A key aspect, like many software architectures and process decision, is to start right from the beginning. There are hundreds of usage of telemetry at the moment in the system and it was not a burden to add them. The reason is that they were added continually during the creation of the website. Similar to writing unit tests, it is not a duty if you do not need to add to write them all at once. While coding the features, I had some reluctances in few decisions, I also had some ideas that were not unanimous.

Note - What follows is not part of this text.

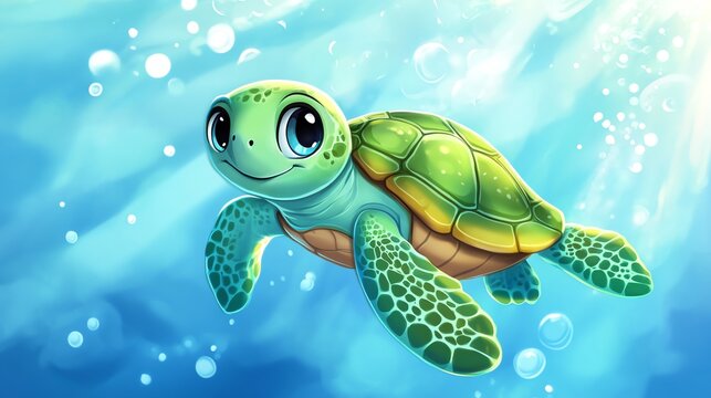 cheerful cartoon style turtle slowly crawls with friendly expression, showcasing its vibrant green shell and playful demeanor. This delightful character embodies sense of joy and curiosity

The aftereffect of having all the data about the user sooth many hot topics by having a reality check about how really the users are using the system. Even when performing a thorough user session to ask how they are using the system, there is nothing like real data. For example, I was able to conclude that some user tries to sort empty grid of data. While this might not be the discovery of the century, I believe it is a great example that shows a behavior that no user would have raised. Another beneficial aspect is monitoring the errors and exceptions and fixing them before users report. In the last month, I have fixed many (minor) errors and less than 15% were raised or identified by a user. When an error occurs, there is no need to consult the user — which is often hard since they can be remote around the world. My daily routine is to sort all error by count by day and see which one is rising. I take the top ones and search for a user who had the issue and looks at the user’s breadcrumb to see how to reproduce locally on my developer’s machine. I fix the bug and push it in production. The next day, I look back at the telemetry to see if the count is reducing. A proactive fixing bug approach is a great sensation. You feel way less trying to put water on fire allowing you to fix properly the issue. Finally, with the telemetry system in place, when my day to day job is getting boresome or that I have a slump in productivity, I take this opportunity to start querying the telemetry data to break into several dimensions with the goal to shed some light about how the system is really used and how it can be improved to provide the best user experience possible.
This article was not technical. I will follow up in a few days with more detail about how to implement telemetry with TypeScript in a React and Redux system.